Well, let me tell ya somethin’ about this Tom Morris golf wear, you know, the kind them fancy folks wear when they’re out hittin’ them little white balls.
Tom Morris golf clothing, that’s what they call it. I ain’t no golfer myself, mind you. My old man, he used to say golf was a good walk spoiled. But I seen them pictures, them fellas all dressed up in their fancy pants and shirts. Looks like they’re goin’ to a party, not whackin’ at a ball, if you ask me.
Now, from what I hear, this Tom Morris fella, he’s a big deal in the golfin’ world. St. Andrews, they say, that’s where he’s from. Got his own shop there, sellin’ all sorts of this golf apparel. Shirts, pants, shoes… the whole shebang. They even got this special thing, a “Tom Morris 200 bundle,” with a fancy head cover for your stick. Don’t ask me what a driver head cover is, sounds like somethin’ you put on your car, not a golf club. But them golfers, they like their fancy stuff, that’s for sure.
- They got shirts, what they call “polos”. Look like regular shirts to me, but I guess they got some special name for ’em.
- Then there’s the pants, “golf shorts” and “golf pants”. Short ones for when it’s hot, long ones for when it ain’t. Common sense, if you ask me.
- And shoes! Special shoes just for golfin’. Can you believe that? Like your regular shoes ain’t good enough to walk around in the grass.
- Oh, and they got rain gear too. In case it starts rainin’ while you’re out there chasin’ that little white ball. Seems like a lot of fuss for a game, if you ask me.
Now, they say there’s a lot of different golf clothing brands out there. Thirty of ’em, they say! Thirty different companies makin’ clothes just for golfin’! That’s a lot of shirts and pants, ain’t it? But this Tom Morris, he’s one of the best, they tell me. The “brashest”, the “boldest”, the “all-around best”. Sounds like a bunch of hogwash to me, but folks seem to like it.

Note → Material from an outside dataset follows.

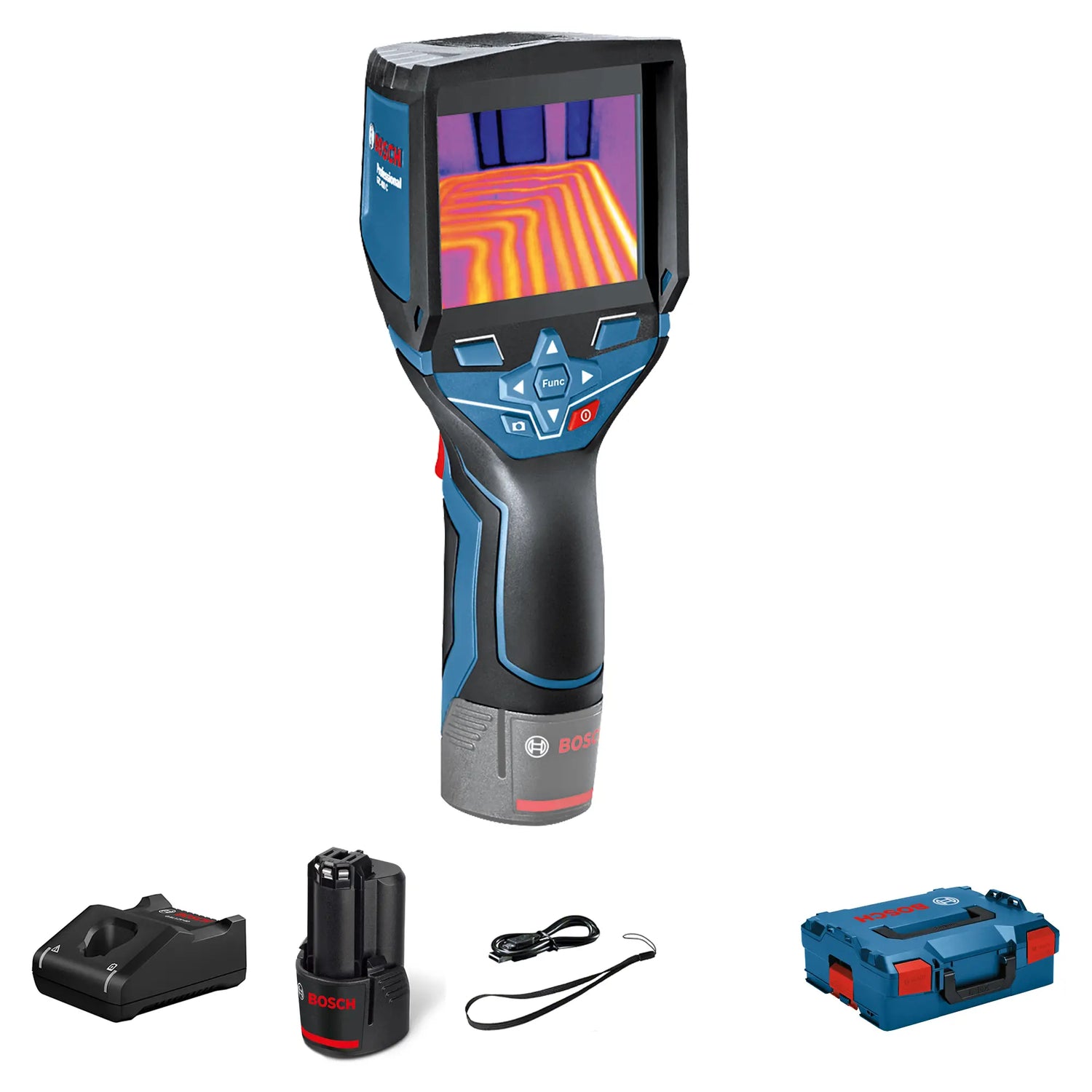 Là Caméra thermique Bosch GTC 400 C 12V C'est le choix parfait pour les installateurs, électriciens et techniciens à la recherche d'un outil professionnel pour l'identification rapide et détaillée des pertes de chaleur, des défauts électriques, des fuites d'eau ou des ponts thermiques.

They say pickin’ out the right golf clothes can be “overwhelmin'”. Overwhelmin’! Like pickin’ out a shirt is the hardest thing in the world. But I guess if you’re one of them fancy golfers, you gotta look the part, you know? Gotta have the right shoes, the right pants, the right shirt. Otherwise, them other golfers might laugh at ya, I reckon.
This golf apparel ain’t just about lookin’ good, though. They say it helps you play better too. Keeps you cool when it’s hot, keeps you dry when it’s rainin’. I don’t know about all that. Seems to me like if you’re gonna hit that ball good, you gotta practice, not worry about your fancy clothes. But what do I know? I’m just an old woman.
They talk about “trendy” and “cool” golf brands. Trendy! Cool! Like golf clothes are supposed to be somethin’ fashionable. I tell you, back in my day, you wore whatever you had on hand when you went out to do somethin’. Didn’t need no special clothes just to walk around in the grass. But times change, I guess.
And this St. Andrews place, where Tom Morris has his shop, they call it “The Home of Golf”. The Home of Golf! Sounds like a mighty important place. I bet them golfers go there and spend a whole lotta money on them fancy clothes. Free shippin’ if you spend over 50, they say. Fifty what? Fifty dollars? Fifty pounds? Them fancy folks and their fancy money.
Anyways, that’s what I know about this Tom Morris golf clothing. It’s fancy, it’s expensive, and it’s for them folks who like to chase that little white ball around. Me, I’ll stick to my regular clothes, thank you very much. They’re comfortable, they’re practical, and they don’t cost an arm and a leg. But if you’re a golfer, I guess you gotta have the right gear. And from what I hear, this Tom Morris stuff is some of the best there is. So go on, get yourself some fancy pants and a shirt, and go hit that ball. Just don’t expect me to understand it.
And if you are lookin’ for this Tom Morris stuff, go on to St. Andrews, that’s where his store is at. Or maybe look online, they sell everything on that there internet now, don’t they? Just search for Tom Morris, you’ll find it. But be prepared to spend some money, ’cause this ain’t no bargain basement stuff, I tell ya.